Hybrid (CC+RMS) The geometric mean between the correlation coefficient and the RMS error. This is a compromise between the attention to scale of the RMS metric and the speed of the CC metric.
Maximum error The maximum absolute difference between the predictions of the model and the target variable.

The function names follow the conventions of the C math library, except for the logical functions (logical_and(x, y), greater(x, y), etc). You can consult this page for more information.

Cross-validation

In the same box where the search options are selected, the cross-validation settings can also be selected. It is recommended to use cross-validation, since that allows overfit models which are more complex than necessary to be discarded in a straightforward way.

The size of the train/test split can be selected from the menu. The default value, "No cross-validation", disables the cross-validation altogether. It is also possible to select how the train sample should be generated: if it should be a selection of random rows or if it should be the first rows in sequential order.

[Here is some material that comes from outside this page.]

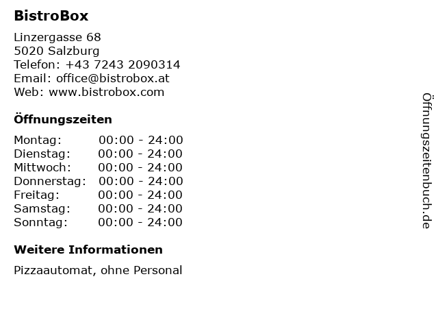 Öffnungszeiten BistroBox in Salzburg anzeigen | |

During the optimization, you can alternate between showing the errors for the train sample and the test sample by clicking on the "Show cross-validation error" box on the upper right of the interface. With this, overfit solutions can be spotted in real-time.

The solutions box

The regression is started by clicking on the play button at the top of the interface. After that, the best solutions found so far will be shown in the "Solutions" box, as shown below:

Each row corresponds to the best solution of a given size encountered so far. By clicking on a solution, it will be shown in the plot and its stats will be shown in the "Solution info" box. Larger solutions are only shown if they provide a better fit than all other smaller solutions.

We define the size of a solution as the sum of the sizes of the base functions that constitute it. The sizes of the base functions are:

  • Size 1: an input variable, sum, subtraction, and multiplication.
  • Size 2: division.
  • Size 3: ceil(x), floor(x) and round(x).
  • Size 4: all other functions.

In the Solutions box, you have the option of sorting the solutions by a balance between size and accuracy by clicking on the "Function" header, which will sort the solutions by (error)^2 * (size). By default, the solutions are sorted by size.

Plot settings

In the "Other options" part of the interface, you can at any time change the value shown in the x-axis of the plot (which is the row number by default), alternate the x or y scales between regular and log, and change the variable shown in the y-axis.

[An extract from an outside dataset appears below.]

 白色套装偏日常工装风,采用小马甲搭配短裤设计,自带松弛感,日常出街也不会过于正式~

You have the option of plotting the residual error instead of the solution itself in the y-axis of the plot, which is useful for diagnosing the solutions: the errors of a good solution should ideally be distributed around zero in a random way.

Log

In the "Log" tab of the interface, information is shown about how many formulas were generated in the current optimization, how many cycles of Simulated Annealing were run so far, and for how long the optimization has been running. A log message is also shown every time a new solution is encountered so that you can keep track of the progress.